*** LISTED ENTRIES ***

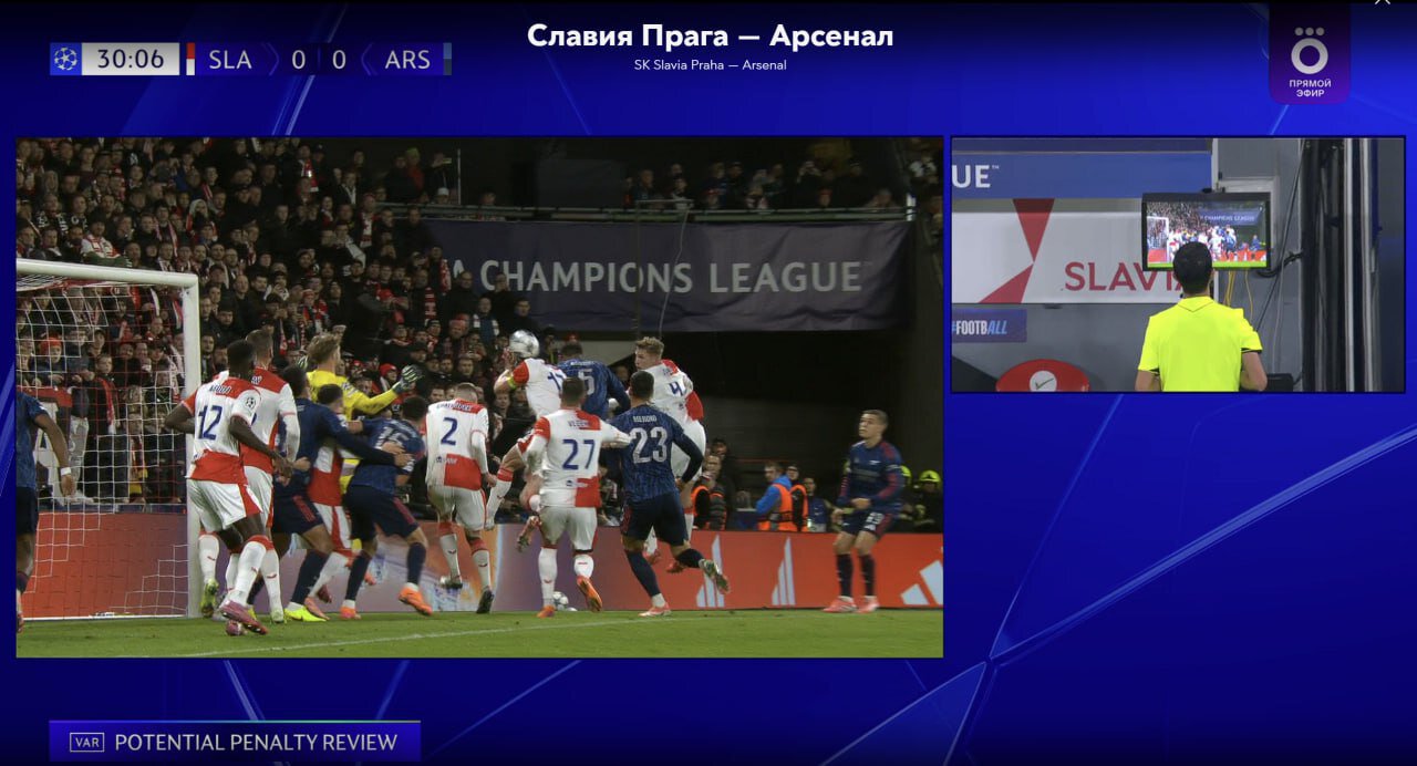 Судьи назначили пенальти в пользу «Арсенала» в матче против «Славии» в 4-м туре общего этапа Лиги чемпионов.
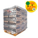 La dimension d'une palette de 140 packs de 5 bûches densifiées 24 cm (± 7,5kg) : 90x120xH ≈ 122 à 134 cm soit 14 couches de 10 packs.
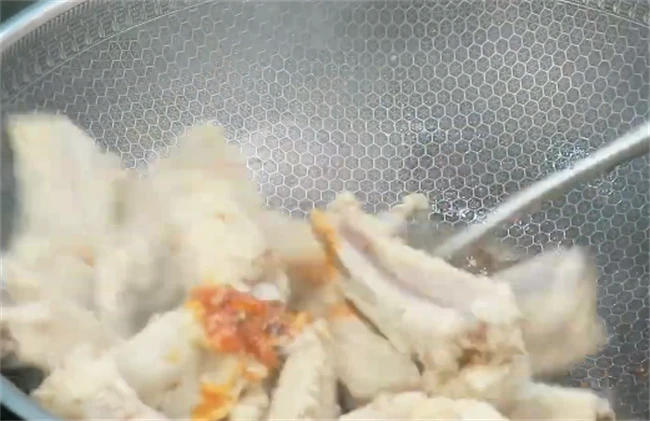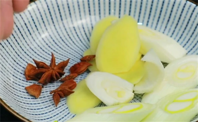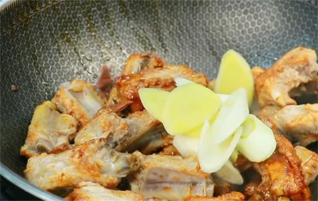 8.炒好后加入葱、姜、大料和醋继续翻炒。
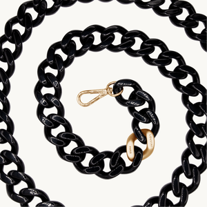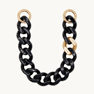 Small chunky resin chain with golden hooks Made in Italy, the PETIT ZOE chunky chain with large links in high quality colored resin has two uses. The PETIT ZOE chain is also a bracelet, which can be worn separately. Thanks to its 2 rotating rings, it can be easily attached to all our cases. The chain has a length of 22 cm (rings included). |
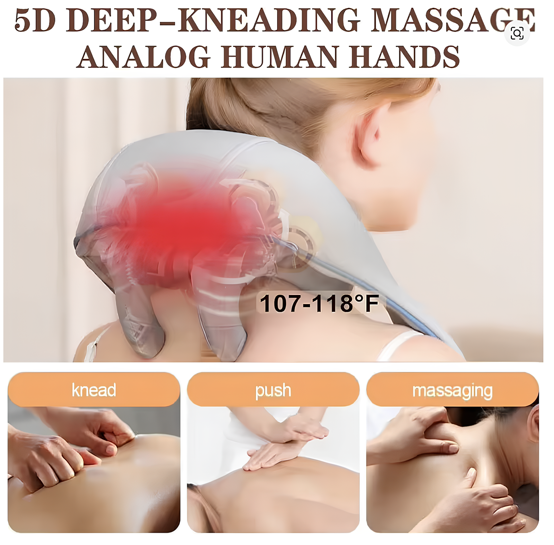 Multi-Area Use — While designed for the neck and shoulders, the massager can also be used on the upper back, lower back, or thighs for versatile comfort.
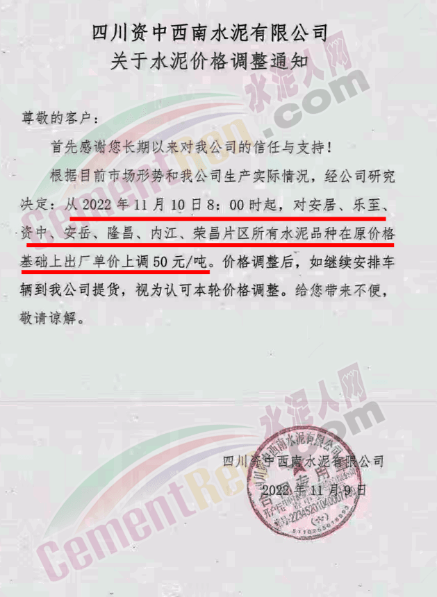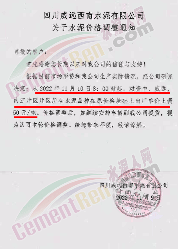 四川威远西南水泥通知,11月10日8时起,对资中、威远、内江片区所有水泥品种出厂价上调50元/吨。

*** End of LISTED ENTRIES ***

WHAT NEEDS TO BE DONE
Pictures aside, write out verbatim every line from the first line of the material through the line holding "Small chunky resin".

ANSWER SPACE
 Судьи назначили пенальти в пользу «Арсенала» в матче против «Славии» в 4-м туре общего этапа Лиги чемпионов.
 La dimension d'une palette de 140 packs de 5 bûches densifiées 24 cm (± 7,5kg) : 90x120xH ≈ 122 à 134 cm soit 14 couches de 10 packs.
 8.炒好后加入葱、姜、大料和醋继续翻炒。
 Small chunky resin chain with golden hooks Made in Italy, the PETIT ZOE chunky chain with large links in high quality colored resin has two uses. The PETIT ZOE chain is also a bracelet, which can be worn separately. Thanks to its 2 rotating rings, it can be easily attached to all our cases. The chain has a length of 22 cm (rings included). |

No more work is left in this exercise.